Udea diopsalis

Scientific classification
- Kingdom: Animalia
- Phylum: Arthropoda
- Class: Insecta
- Order: Lepidoptera
- Family: Crambidae
- Genus: Udea
- Species: U. diopsalis
- Binomial name: Udea diopsalis (Hampson, 1913)
- Synonyms: Pionea diopsalis Hampson, 1913; Pionea diopsalis ab. nigerrimaculata Strand, 1917;

= Udea diopsalis =

- Authority: (Hampson, 1913)
- Synonyms: Pionea diopsalis Hampson, 1913, Pionea diopsalis ab. nigerrimaculata Strand, 1917

Species of moth

Udea diopsalis is a moth in the family Crambidae. It was described by George Hampson in 1913. It is found in Chile.
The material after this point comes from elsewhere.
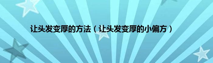 大家好,小问来为大家解答以上问题。让头发变厚的方法,让头发变厚的小偏方这个很多人还不知道,现在让我们一起来看看吧!
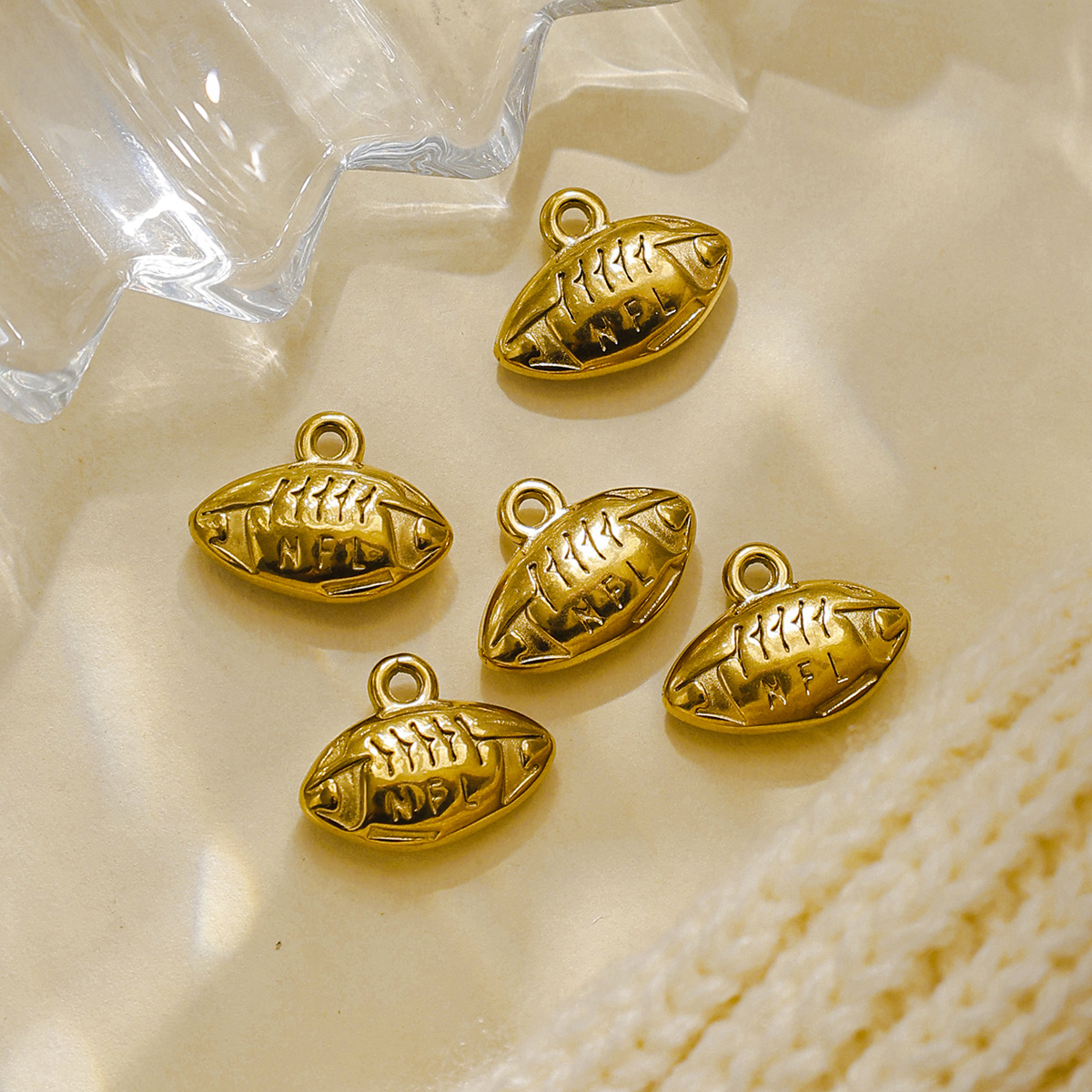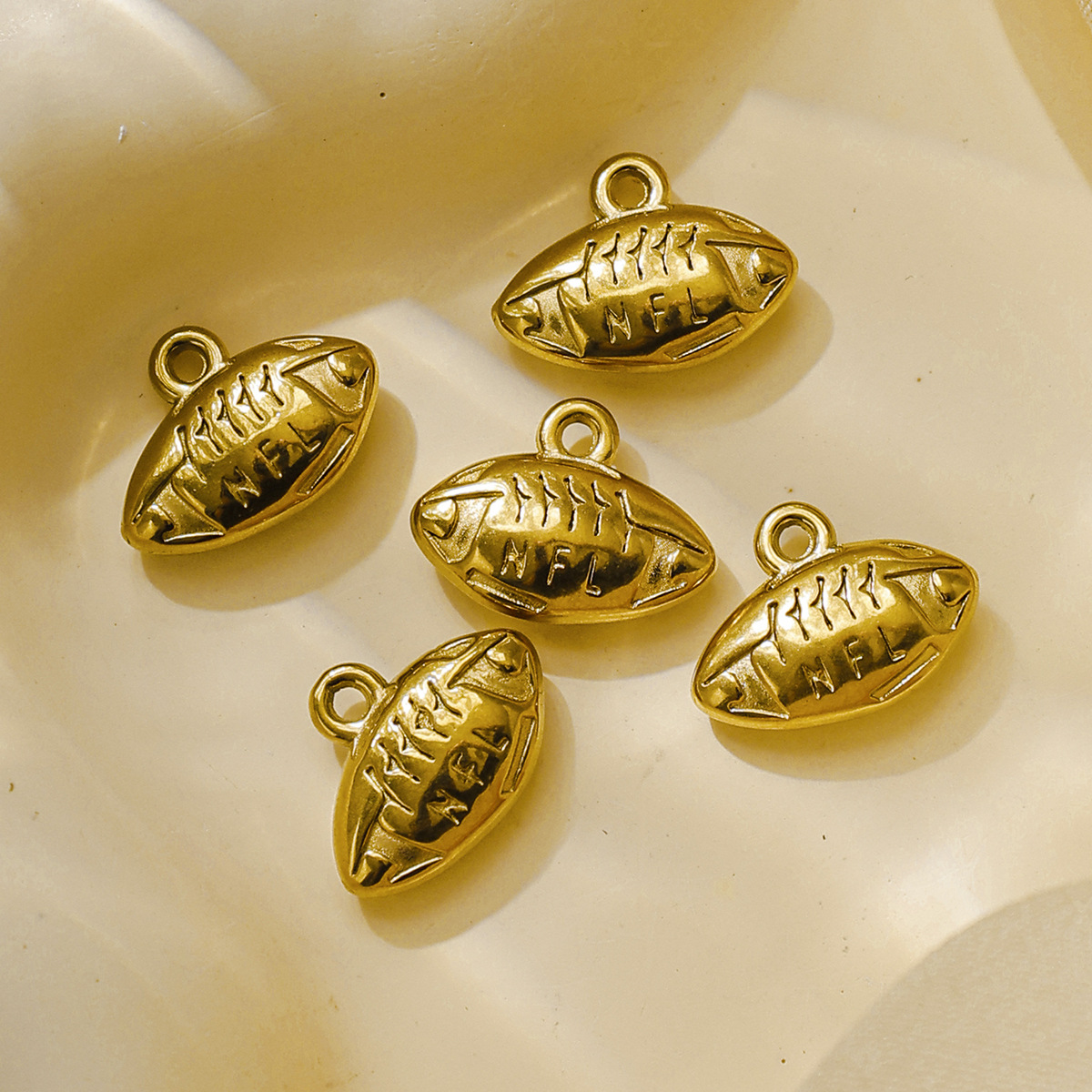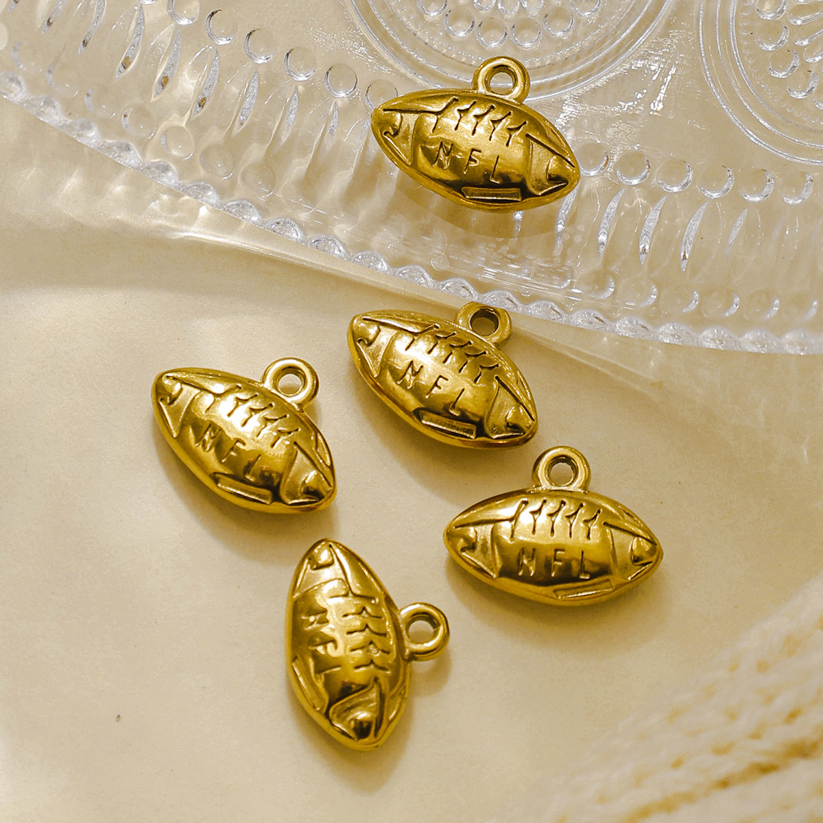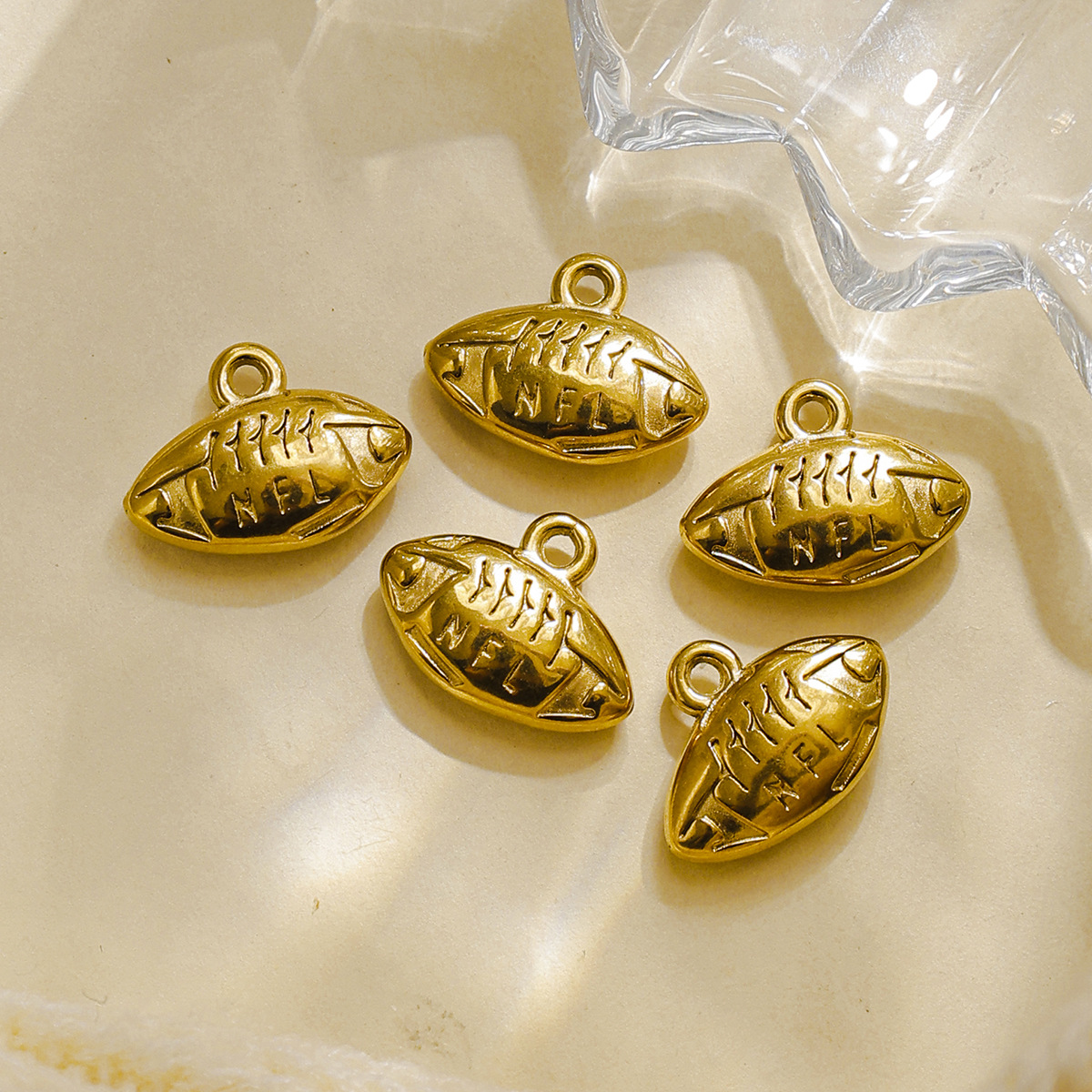 Pendentifs en acier inoxydable, Acier inoxydable 304, Ballon de rugby, Placage de couleur d'or, DIY, doré, 10PC/sac, Vendu par sac

The wingspan is about 24 mm. The forewings are pale rufous, the inner area whitish and irrorated with a few black scales. The antemedial line is absent and the orbicular and reniform are grey defined by fuscous, the former round, the latter irregularly quadrate. The terminal half of the costa has a series of small dark spots and the postmedial line consists of a series of black points and traces of a minutely dentate line between them, slightly excurved from the costa to vein 4, then oblique. There is a terminal series of prominent black points. The hindwings are white, the terminal area tinged with brown. There is a fine sinuous postmedial line from the costa to vein 3 and a terminal series of black points.